* Instructions for the task:
Restate the following records word for word without images.

* Stored items:
##########
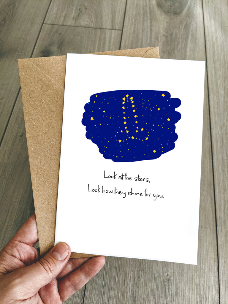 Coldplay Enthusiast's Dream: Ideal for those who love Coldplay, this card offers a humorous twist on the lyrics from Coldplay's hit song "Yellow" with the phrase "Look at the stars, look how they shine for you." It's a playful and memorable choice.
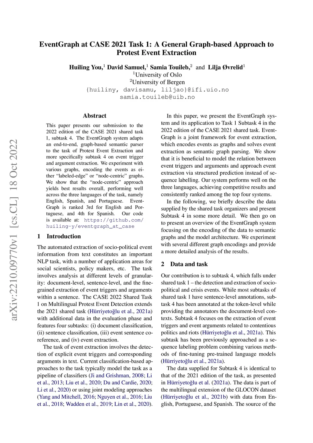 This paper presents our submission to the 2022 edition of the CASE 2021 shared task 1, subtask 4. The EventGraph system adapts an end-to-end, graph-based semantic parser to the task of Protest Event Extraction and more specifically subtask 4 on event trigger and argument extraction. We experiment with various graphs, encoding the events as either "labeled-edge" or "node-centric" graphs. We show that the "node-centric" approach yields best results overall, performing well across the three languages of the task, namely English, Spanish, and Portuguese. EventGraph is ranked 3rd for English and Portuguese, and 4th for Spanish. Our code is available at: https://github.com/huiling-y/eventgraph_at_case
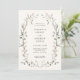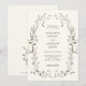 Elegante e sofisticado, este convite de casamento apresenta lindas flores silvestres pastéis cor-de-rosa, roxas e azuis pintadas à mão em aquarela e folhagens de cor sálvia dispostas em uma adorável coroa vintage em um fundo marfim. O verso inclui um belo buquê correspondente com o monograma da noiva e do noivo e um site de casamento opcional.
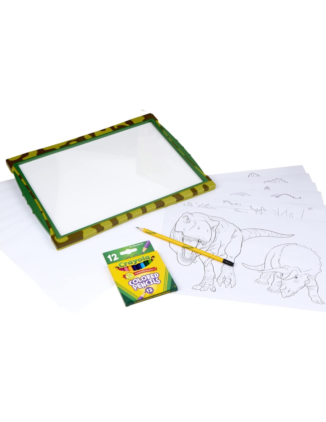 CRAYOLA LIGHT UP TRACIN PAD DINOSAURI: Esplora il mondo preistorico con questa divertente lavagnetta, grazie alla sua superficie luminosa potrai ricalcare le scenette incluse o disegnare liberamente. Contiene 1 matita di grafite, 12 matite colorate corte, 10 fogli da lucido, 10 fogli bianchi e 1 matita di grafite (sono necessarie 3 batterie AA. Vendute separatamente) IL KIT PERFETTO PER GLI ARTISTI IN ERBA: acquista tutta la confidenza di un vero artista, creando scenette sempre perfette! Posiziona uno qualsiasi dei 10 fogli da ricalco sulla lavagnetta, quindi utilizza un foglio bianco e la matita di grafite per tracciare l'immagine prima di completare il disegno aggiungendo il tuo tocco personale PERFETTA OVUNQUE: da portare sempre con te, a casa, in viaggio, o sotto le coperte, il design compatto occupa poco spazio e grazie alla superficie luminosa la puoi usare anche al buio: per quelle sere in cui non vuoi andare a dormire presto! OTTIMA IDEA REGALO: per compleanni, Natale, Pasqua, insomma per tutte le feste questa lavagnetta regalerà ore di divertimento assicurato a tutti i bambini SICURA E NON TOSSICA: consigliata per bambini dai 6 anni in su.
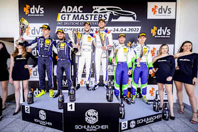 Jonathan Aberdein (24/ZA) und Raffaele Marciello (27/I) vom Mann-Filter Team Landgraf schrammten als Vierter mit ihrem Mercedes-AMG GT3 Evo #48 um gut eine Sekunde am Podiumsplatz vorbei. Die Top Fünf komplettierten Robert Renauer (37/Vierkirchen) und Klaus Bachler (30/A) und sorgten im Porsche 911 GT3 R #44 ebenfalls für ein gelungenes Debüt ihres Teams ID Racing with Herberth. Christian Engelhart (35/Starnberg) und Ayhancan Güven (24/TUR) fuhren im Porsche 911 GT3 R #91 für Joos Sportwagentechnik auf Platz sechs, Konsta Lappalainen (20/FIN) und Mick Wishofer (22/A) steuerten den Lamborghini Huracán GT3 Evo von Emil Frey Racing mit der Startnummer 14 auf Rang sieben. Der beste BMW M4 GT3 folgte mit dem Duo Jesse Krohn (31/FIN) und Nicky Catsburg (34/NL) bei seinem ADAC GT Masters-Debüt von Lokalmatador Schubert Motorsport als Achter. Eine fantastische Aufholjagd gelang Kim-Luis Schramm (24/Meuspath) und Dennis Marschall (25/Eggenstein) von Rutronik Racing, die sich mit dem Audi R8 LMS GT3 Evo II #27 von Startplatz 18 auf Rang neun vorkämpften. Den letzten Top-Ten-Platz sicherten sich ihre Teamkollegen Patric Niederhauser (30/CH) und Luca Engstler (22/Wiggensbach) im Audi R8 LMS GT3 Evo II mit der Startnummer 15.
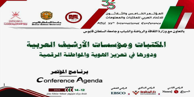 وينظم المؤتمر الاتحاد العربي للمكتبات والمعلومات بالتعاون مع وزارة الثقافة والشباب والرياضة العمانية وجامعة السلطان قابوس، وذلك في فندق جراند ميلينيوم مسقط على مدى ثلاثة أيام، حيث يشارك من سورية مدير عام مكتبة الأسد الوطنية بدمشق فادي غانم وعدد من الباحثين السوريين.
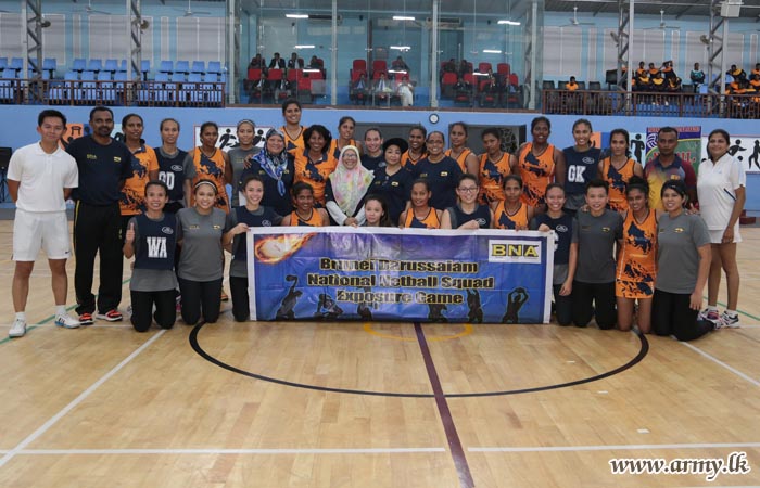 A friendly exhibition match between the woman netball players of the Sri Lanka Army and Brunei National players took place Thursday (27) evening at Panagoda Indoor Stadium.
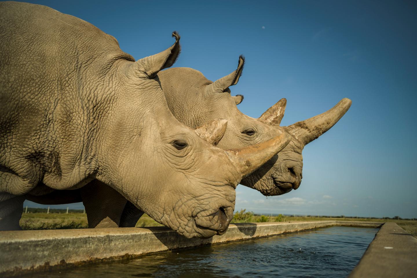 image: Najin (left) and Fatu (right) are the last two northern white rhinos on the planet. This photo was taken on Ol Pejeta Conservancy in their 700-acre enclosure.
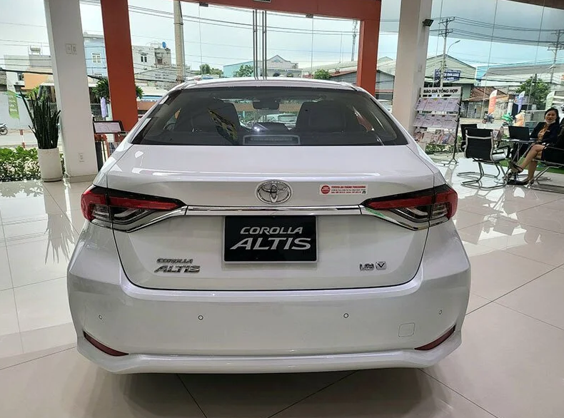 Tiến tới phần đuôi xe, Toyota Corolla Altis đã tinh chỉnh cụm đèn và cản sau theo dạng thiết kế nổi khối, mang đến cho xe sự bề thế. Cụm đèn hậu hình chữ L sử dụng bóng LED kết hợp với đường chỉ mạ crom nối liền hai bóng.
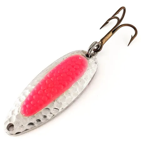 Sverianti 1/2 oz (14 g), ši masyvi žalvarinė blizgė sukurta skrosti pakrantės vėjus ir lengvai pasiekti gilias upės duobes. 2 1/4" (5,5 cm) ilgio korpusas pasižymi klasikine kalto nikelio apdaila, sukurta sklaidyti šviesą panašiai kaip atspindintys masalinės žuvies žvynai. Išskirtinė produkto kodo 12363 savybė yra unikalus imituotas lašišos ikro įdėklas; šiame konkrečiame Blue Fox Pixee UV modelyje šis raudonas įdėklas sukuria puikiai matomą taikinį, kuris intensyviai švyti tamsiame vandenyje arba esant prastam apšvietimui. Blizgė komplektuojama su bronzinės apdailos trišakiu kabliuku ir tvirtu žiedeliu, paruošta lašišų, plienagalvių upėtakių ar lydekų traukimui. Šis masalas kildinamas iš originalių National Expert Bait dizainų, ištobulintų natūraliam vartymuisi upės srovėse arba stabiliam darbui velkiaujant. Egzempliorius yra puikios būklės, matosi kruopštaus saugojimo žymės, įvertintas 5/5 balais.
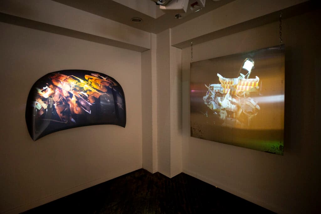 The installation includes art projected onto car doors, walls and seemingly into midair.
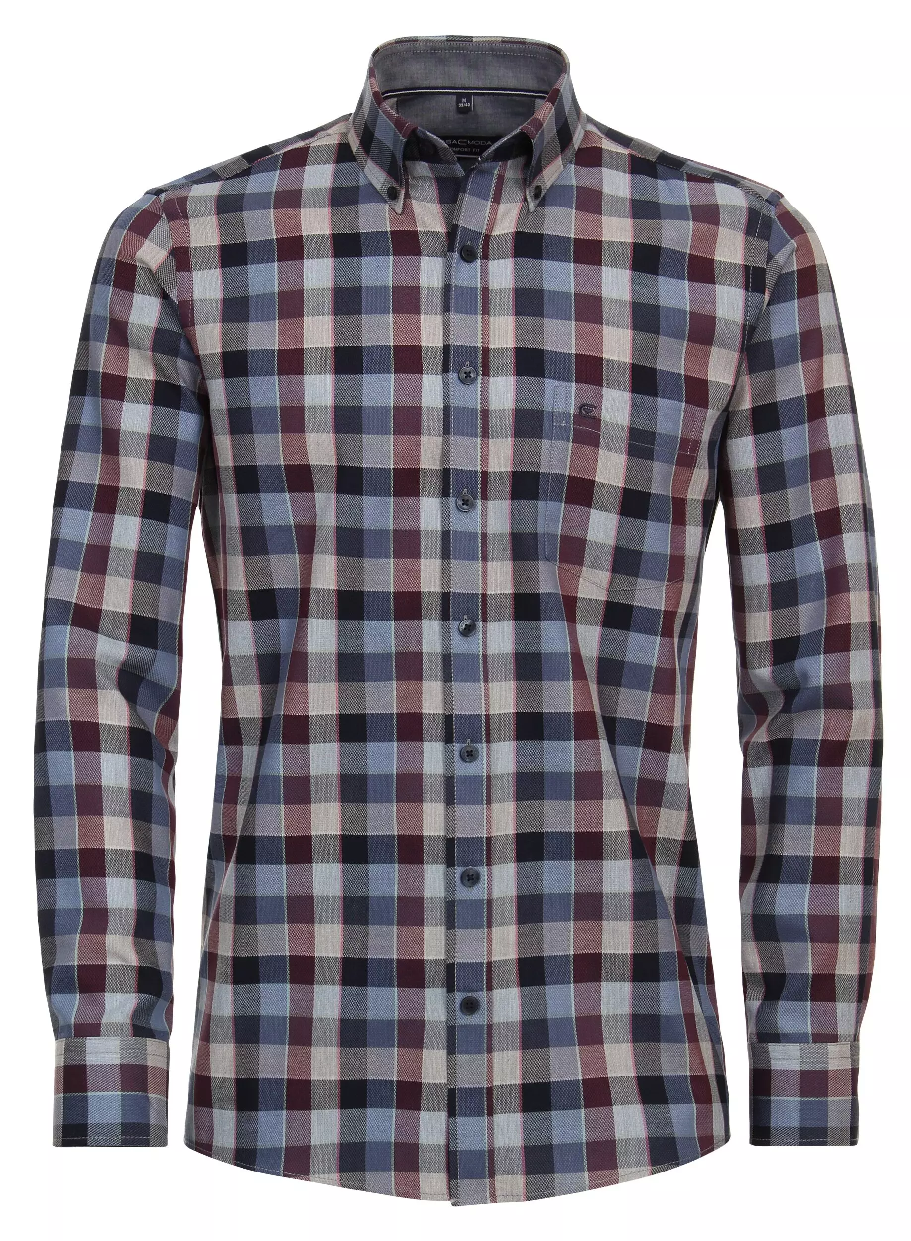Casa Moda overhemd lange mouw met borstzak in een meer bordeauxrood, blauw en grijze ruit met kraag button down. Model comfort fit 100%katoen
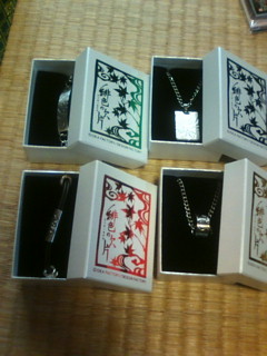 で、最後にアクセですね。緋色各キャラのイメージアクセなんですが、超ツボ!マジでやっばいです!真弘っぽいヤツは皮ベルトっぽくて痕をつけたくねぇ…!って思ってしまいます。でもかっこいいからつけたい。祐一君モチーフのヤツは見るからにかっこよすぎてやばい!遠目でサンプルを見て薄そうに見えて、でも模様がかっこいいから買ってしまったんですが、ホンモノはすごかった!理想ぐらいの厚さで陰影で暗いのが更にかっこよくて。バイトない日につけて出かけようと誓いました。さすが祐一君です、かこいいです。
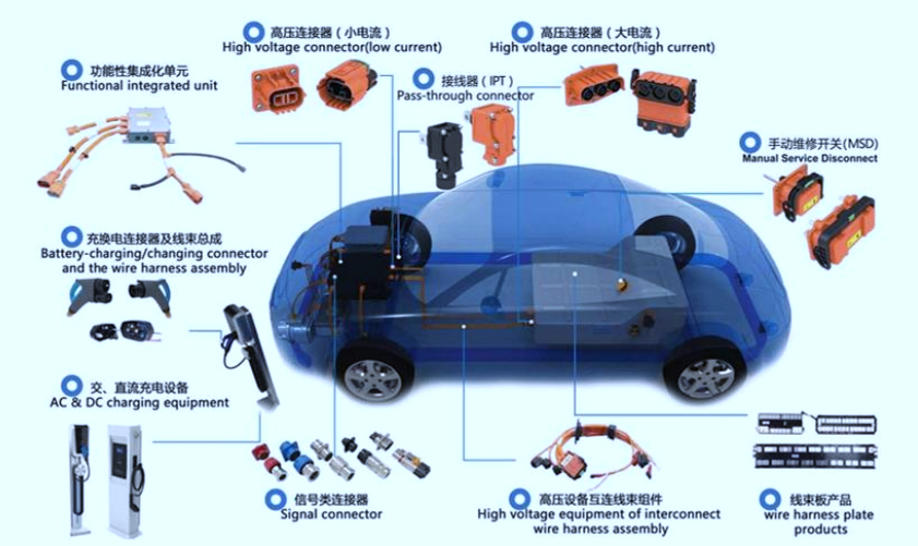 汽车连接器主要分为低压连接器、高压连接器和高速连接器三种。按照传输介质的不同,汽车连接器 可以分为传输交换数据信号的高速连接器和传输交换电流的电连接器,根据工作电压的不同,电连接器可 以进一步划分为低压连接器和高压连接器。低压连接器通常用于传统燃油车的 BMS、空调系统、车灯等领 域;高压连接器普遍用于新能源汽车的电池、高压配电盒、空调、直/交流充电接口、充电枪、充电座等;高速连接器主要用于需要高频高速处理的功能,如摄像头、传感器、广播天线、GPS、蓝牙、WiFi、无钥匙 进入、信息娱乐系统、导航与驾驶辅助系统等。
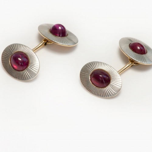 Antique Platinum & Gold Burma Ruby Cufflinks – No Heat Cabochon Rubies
##########
* Solution for this problem:
 Coldplay Enthusiast's Dream: Ideal for those who love Coldplay, this card offers a humorous twist on the lyrics from Coldplay's hit song "Yellow" with the phrase "Look at the stars, look how they shine for you." It's a playful and memorable choice.
 This paper presents our submission to the 2022 edition of the CASE 2021 shared task 1, subtask 4. The EventGraph system adapts an end-to-end, graph-based semantic parser to the task of Protest Event Extraction and more specifically subtask 4 on event trigger and argument extraction. We experiment with various graphs, encoding the events as either "labeled-edge" or "node-centric" graphs. We show that the "node-centric" approach yields best results overall, performing well across the three languages of the task, namely English, Spanish, and Portuguese. EventGraph is ranked 3rd for English and Portuguese, and 4th for Spanish. Our code is available at: https://github.com/huiling-y/eventgraph_at_case
 Elegante e sofisticado, este convite de casamento apresenta lindas flores silvestres pastéis cor-de-rosa, roxas e azuis pintadas à mão em aquarela e folhagens de cor sálvia dispostas em uma adorável coroa vintage em um fundo marfim. O verso inclui um belo buquê correspondente com o monograma da noiva e do noivo e um site de casamento opcional.
 CRAYOLA LIGHT UP TRACIN PAD DINOSAURI: Esplora il mondo preistorico con questa divertente lavagnetta, grazie alla sua superficie luminosa potrai ricalcare le scenette incluse o disegnare liberamente. Contiene 1 matita di grafite, 12 matite colorate corte, 10 fogli da lucido, 10 fogli bianchi e 1 matita di grafite (sono necessarie 3 batterie AA. Vendute separatamente) IL KIT PERFETTO PER GLI ARTISTI IN ERBA: acquista tutta la confidenza di un vero artista, creando scenette sempre perfette! Posiziona uno qualsiasi dei 10 fogli da ricalco sulla lavagnetta, quindi utilizza un foglio bianco e la matita di grafite per tracciare l'immagine prima di completare il disegno aggiungendo il tuo tocco personale PERFETTA OVUNQUE: da portare sempre con te, a casa, in viaggio, o sotto le coperte, il design compatto occupa poco spazio e grazie alla superficie luminosa la puoi usare anche al buio: per quelle sere in cui non vuoi andare a dormire presto! OTTIMA IDEA REGALO: per compleanni, Natale, Pasqua, insomma per tutte le feste questa lavagnetta regalerà ore di divertimento assicurato a tutti i bambini SICURA E NON TOSSICA: consigliata per bambini dai 6 anni in su.
 Jonathan Aberdein (24/ZA) und Raffaele Marciello (27/I) vom Mann-Filter Team Landgraf schrammten als Vierter mit ihrem Mercedes-AMG GT3 Evo #48 um gut eine Sekunde am Podiumsplatz vorbei. Die Top Fünf komplettierten Robert Renauer (37/Vierkirchen) und Klaus Bachler (30/A) und sorgten im Porsche 911 GT3 R #44 ebenfalls für ein gelungenes Debüt ihres Teams ID Racing with Herberth. Christian Engelhart (35/Starnberg) und Ayhancan Güven (24/TUR) fuhren im Porsche 911 GT3 R #91 für Joos Sportwagentechnik auf Platz sechs, Konsta Lappalainen (20/FIN) und Mick Wishofer (22/A) steuerten den Lamborghini Huracán GT3 Evo von Emil Frey Racing mit der Startnummer 14 auf Rang sieben. Der beste BMW M4 GT3 folgte mit dem Duo Jesse Krohn (31/FIN) und Nicky Catsburg (34/NL) bei seinem ADAC GT Masters-Debüt von Lokalmatador Schubert Motorsport als Achter. Eine fantastische Aufholjagd gelang Kim-Luis Schramm (24/Meuspath) und Dennis Marschall (25/Eggenstein) von Rutronik Racing, die sich mit dem Audi R8 LMS GT3 Evo II #27 von Startplatz 18 auf Rang neun vorkämpften. Den letzten Top-Ten-Platz sicherten sich ihre Teamkollegen Patric Niederhauser (30/CH) und Luca Engstler (22/Wiggensbach) im Audi R8 LMS GT3 Evo II mit der Startnummer 15.
 وينظم المؤتمر الاتحاد العربي للمكتبات والمعلومات بالتعاون مع وزارة الثقافة والشباب والرياضة العمانية وجامعة السلطان قابوس، وذلك في فندق جراند ميلينيوم مسقط على مدى ثلاثة أيام، حيث يشارك من سورية مدير عام مكتبة الأسد الوطنية بدمشق فادي غانم وعدد من الباحثين السوريين.
 A friendly exhibition match between the woman netball players of the Sri Lanka Army and Brunei National players took place Thursday (27) evening at Panagoda Indoor Stadium.
 image: Najin (left) and Fatu (right) are the last two northern white rhinos on the planet. This photo was taken on Ol Pejeta Conservancy in their 700-acre enclosure.
 Tiến tới phần đuôi xe, Toyota Corolla Altis đã tinh chỉnh cụm đèn và cản sau theo dạng thiết kế nổi khối, mang đến cho xe sự bề thế. Cụm đèn hậu hình chữ L sử dụng bóng LED kết hợp với đường chỉ mạ crom nối liền hai bóng.
 Sverianti 1/2 oz (14 g), ši masyvi žalvarinė blizgė sukurta skrosti pakrantės vėjus ir lengvai pasiekti gilias upės duobes. 2 1/4" (5,5 cm) ilgio korpusas pasižymi klasikine kalto nikelio apdaila, sukurta sklaidyti šviesą panašiai kaip atspindintys masalinės žuvies žvynai. Išskirtinė produkto kodo 12363 savybė yra unikalus imituotas lašišos ikro įdėklas; šiame konkrečiame Blue Fox Pixee UV modelyje šis raudonas įdėklas sukuria puikiai matomą taikinį, kuris intensyviai švyti tamsiame vandenyje arba esant prastam apšvietimui. Blizgė komplektuojama su bronzinės apdailos trišakiu kabliuku ir tvirtu žiedeliu, paruošta lašišų, plienagalvių upėtakių ar lydekų traukimui. Šis masalas kildinamas iš originalių National Expert Bait dizainų, ištobulintų natūraliam vartymuisi upės srovėse arba stabiliam darbui velkiaujant. Egzempliorius yra puikios būklės, matosi kruopštaus saugojimo žymės, įvertintas 5/5 balais.
 The installation includes art projected onto car doors, walls and seemingly into midair.
Casa Moda overhemd lange mouw met borstzak in een meer bordeauxrood, blauw en grijze ruit met kraag button down. Model comfort fit 100%katoen
 で、最後にアクセですね。緋色各キャラのイメージアクセなんですが、超ツボ!マジでやっばいです!真弘っぽいヤツは皮ベルトっぽくて痕をつけたくねぇ…!って思ってしまいます。でもかっこいいからつけたい。祐一君モチーフのヤツは見るからにかっこよすぎてやばい!遠目でサンプルを見て薄そうに見えて、でも模様がかっこいいから買ってしまったんですが、ホンモノはすごかった!理想ぐらいの厚さで陰影で暗いのが更にかっこよくて。バイトない日につけて出かけようと誓いました。さすが祐一君です、かこいいです。
 汽车连接器主要分为低压连接器、高压连接器和高速连接器三种。按照传输介质的不同,汽车连接器 可以分为传输交换数据信号的高速连接器和传输交换电流的电连接器,根据工作电压的不同,电连接器可 以进一步划分为低压连接器和高压连接器。低压连接器通常用于传统燃油车的 BMS、空调系统、车灯等领 域;高压连接器普遍用于新能源汽车的电池、高压配电盒、空调、直/交流充电接口、充电枪、充电座等;高速连接器主要用于需要高频高速处理的功能,如摄像头、传感器、广播天线、GPS、蓝牙、WiFi、无钥匙 进入、信息娱乐系统、导航与驾驶辅助系统等。
 Antique Platinum & Gold Burma Ruby Cufflinks – No Heat Cabochon Rubies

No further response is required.